Or even multidimensional. a "sum across all dimensions" doesn't make sense to
me.

We are talking about something (power) that differs across contexts,
locations, times etc. Power is as complex as our (human) social organisation,
an is not amenable to linear algebra.

> people are influenced by the past

Unless that is is a result of holding this belief; People are _never_
influenced about the past, only by their subjective, current beliefs about the
past. It would make more sense to consider what people believe now.

Marxist historical analysis has fallen out of favor for a good reason.

> would not go away overnight

Desire for power will never go away.

The "subset of people" is biased towards how you do your grouping; For
example, that I, a white man, am naturally grouped with white slavers of the
past, such that modern black Americans have something to resent me for.
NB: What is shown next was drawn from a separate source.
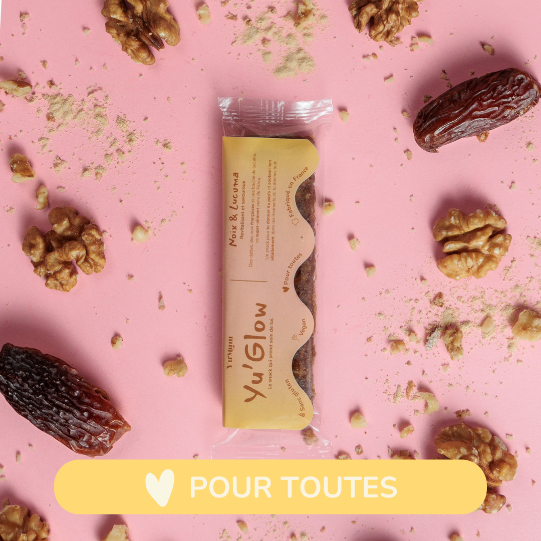 Le pack Yu’Glow – Trio Découverte réunit nos 3 barres énergétiques à base de pâte de dattes, pensées pour les (futures) mamans, parfaites faire une pause nourrissante & gourmande.

Your narrative here relies on these kind of groupings in order to talk about
"a point of equilibrium" and "no longer in a minority of power" \- you need to
identify a group as the same over a period of time in order to make these
distinctions.

------
preordained
Sorry, it seems like some kind of pseudo-utopia for people who want to feel
special and intelligent all the time. People in silly spaceship themed rooms,
meditating or hacking upside down, or maybe in sensory deprivation chambers
for deep focus? It all screams: I'm entitled to coddling and acceptance--nay,
encouragement of my eccentricities--cause I'm special. I just don't know if
that's healthy or necessary, if Google is so successful in part due to this,
or despite it.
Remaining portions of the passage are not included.